BCNIE occurs frequently (45–60%) by common and easily grown staphylococci or streptococci in patients with preceding administration of antibiotics as it reduces the recovery rate of bacteria by 35–40% [5, 6]. In these cases, withdrawing antibiotics and repeating blood cultures are preferable methods to diagnose if the patient status allowed. The use of specific blood culture bottles for fastidious microorganisms is not recommended recently [1, 4, 5]. The extended incubation is applied only when cultures remain sterile after 48–72 h. Sophisticated automated systems allow isolating most pathogens that can grow slowly including Candida sp., deficient streptococci and HACEK group bacteria(Haemophilus, Aggregatibacter (previously Actinobacillus), Cardiobacterium, Eikenella, Kingella). Extending culture beyond 5 days is not contributive [1, 4, 5, 6, 7, 8]. The popular pathogens such as staphylococci, streptococci and enterococci are usually identified within 48 h. The European guidelines recommend that clinicians require prolonged incubation of vials only in the rare cases of cultures remaining negative at 48–72 h and if the diagnosis of IE remains plausible [4, 8].

3.4. Serology

The list of serological tests to be performed in case of blood culture-negative endocarditis used to include: Legionella pneumophila, Mycoplasma hominis, Chlamydophila pneumoniae, Brucella sp., Coxiella burnetii (C. burnetii), and Bartonella sp. Two major series showed that only Bartonella sp. and C. burnetii serological tests are contributive: 348 cases of suspected BCNIE were investigated between 1983 and 2001, the diagnosis was documented by serological tests in 268 cases (77%), including 266 cases of C. burnetii (n = 167) or Bartonella sp. (n = 99) [5]. The same team reported a second series of 745 patients presenting with suspected BCNIE having received a panel of serological tests between 2001 and 2009. They documented the predominance of Q fever and Bartonellosis. A total of 354 of the 356 cases documented by serological tests were positive for C. burnetii (n = 274) or Bartonella sp. (n = 80) [6]. In other words, if only Bartonella sp. and C. burnetii serological tests had been used, only 4 out of 624 diagnoses obtained by serological tests would have been missed. A review of endocarditis caused by fastidious pathogens shows that Mycoplasma sp. endocarditis is very rare (<10 reliable observations published to date, mostly due to M. hominis), as well as Legionella sp. endocarditis [7]. Moreover, most cases of endocarditis supposedly due to Chlamydophila sp. are probably cross-reactions with a Bartonella sp. In 2015, the only routinely recommended serological tests in case of negative blood cultures are tests for Q fever and Bartonellosis [4]. Brucellosis serological tests can be added in case of risk factors (living in endemic areas, occupational exposure, consumption of nonpasteurized dairy products). Serological tests for Mycoplasma sp. and Legionella sp. are still recommended in the 2015 ESC guidelines [4].
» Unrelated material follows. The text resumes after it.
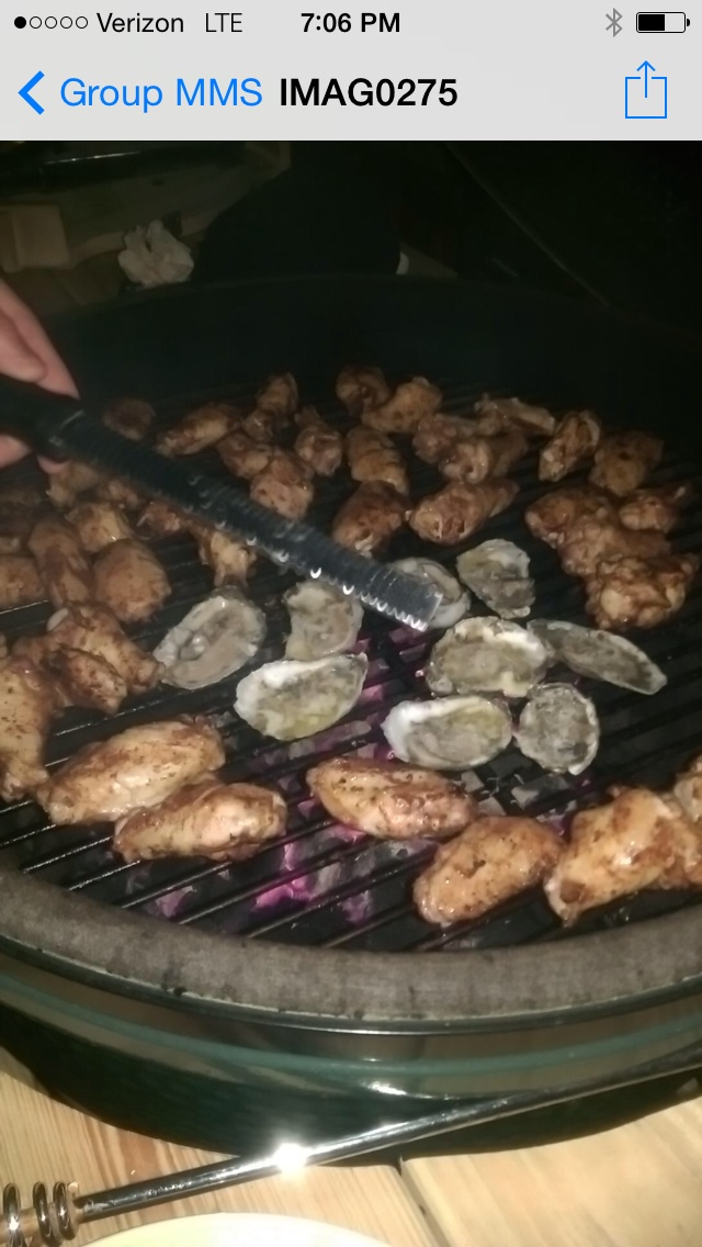 At a friends, and firing up the xl for some moose, chicken wings and oysters!!!

3.5. Evaluation of valve tissue

The more frequent use of valve replacement in the acute phase of infective endocarditis and the advent of molecular biology techniques have revolutionized the diagnosis of blood culture-negative endocarditis:

PCR systems based on universal bacterial 16S ribosomal RNA have demonstrated excellent sensitivity and specificity [8, 9], as well as PCR targeting bacteria specifically responsible for endocarditis with negative blood culture: Bartonella sp., C. burnetii [10] and Tropheryma whipplei (T. whipplei) [11].

Moreover, the microscopic examination of valves after Gram staining, and cultures on appropriate media provide important information not only for the identification of the pathogen involved when the data were not available preoperatively [12], but also information on its viability at the time of valve replacement, which will impact the duration of post-replacement treatment [11, 13]. The histological analysis of valves is not contributive to diagnose except some rare diagnoses such as porcine bioprosthesis endocarditis mediated by allergy to porcine proteins [22, 23]. Summary of diagnostic procedure of rare pathogens of BCNIE is shown in Table 3.
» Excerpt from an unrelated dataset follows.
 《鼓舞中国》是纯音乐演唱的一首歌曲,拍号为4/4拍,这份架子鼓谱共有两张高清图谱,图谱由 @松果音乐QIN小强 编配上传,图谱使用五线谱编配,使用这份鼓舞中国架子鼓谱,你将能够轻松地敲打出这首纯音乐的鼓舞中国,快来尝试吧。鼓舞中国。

PathogenDiagnostic procedures
Brucella sp.blood cultures, serology, immunohistology, PCR of surgical materials
Coxiella burnetiiserology (IgG phaseI >1:800, tissue culture, immunohistology, PCR of surgical materials
Bartonella sp.blood cultures, serology, culture, immunohistology, PCR of surgical materials
Tropheryma whipppleihystology and PCR of surgical materials
Mycoplasma sp.serology, culture, immunohistology, PCR of surgical materials
Legionella sp.blood cultures, serology, culture, immunohistology, PCR of surgical materials
Fungiblood cultures, serology, immunohistology, PCR of surgical materials

Table 3.

Summary of diagnostic procedure of rare pathogens of blood culture-negative infective endocarditis.

4. Treatment

4.1. Empirical therapy

Selection of medical therapy for patients with BCNIE is difficult. Some of the laboratory-based diagnostic techniques to define fastidious or rare pathogens are not available in most clinical laboratories. It consumed considerable time for completion of testing if specimens are sent to a referral laboratory. Patients with BCNIE are often treated empirically for the more common bacterial causes of IE during the waiting time. There is a need to provide empirical antimicrobials for all likely pathogens, though certain therapeutic agents, including aminoglycosides, have potentially toxic effects. Consultation with an ID specialist to define the most appropriate choice of therapy is recommended. Once additional clinical and laboratory data were brought, initial empirical therapy should be changed to more specific treatment. For patients with acute (days) clinical presentations of native valve infection, coverage for S aureus, β-hemolytic streptococci, and aerobic Gram-negative bacilli is reasonable. Empirical coverage could include vancomycin and cefepime as an initial regimen [1, 4, 14]. For patients with a subacute (weeks) presentation of native valve IE, empirical coverage of S. aureus, Viridance group streptococci (VGS), HACEK, and enterococci is reasonable. One treatment option could include vancomycin and ampicillin-sulbactam to provide some coverage for these organisms [1, 4, 14]. For patients with culture-negative prosthetic valve IE, coverage for staphylococci, enterococci, and aerobic Gram-negative bacilli is reasonable if the onset of symptoms is within 1 year of prosthetic valve placement. A regimen could include vancomycin, rifampin, gentamicin [1, 4, 14]. If symptom onset is >1 year after valve placement, then IE is more likely to be caused by staphylococci, VGS, and enterococci, and antibiotic therapy for these potential pathogens is reasonable [1, 4, 14]. One initial treatment option could include vancomycin and ceftriaxone. If subsequent blood culture results or other laboratory methodologies define a pathogen, then empirical therapy should be changed to focused therapy that is recommended for the specific pathogen identified.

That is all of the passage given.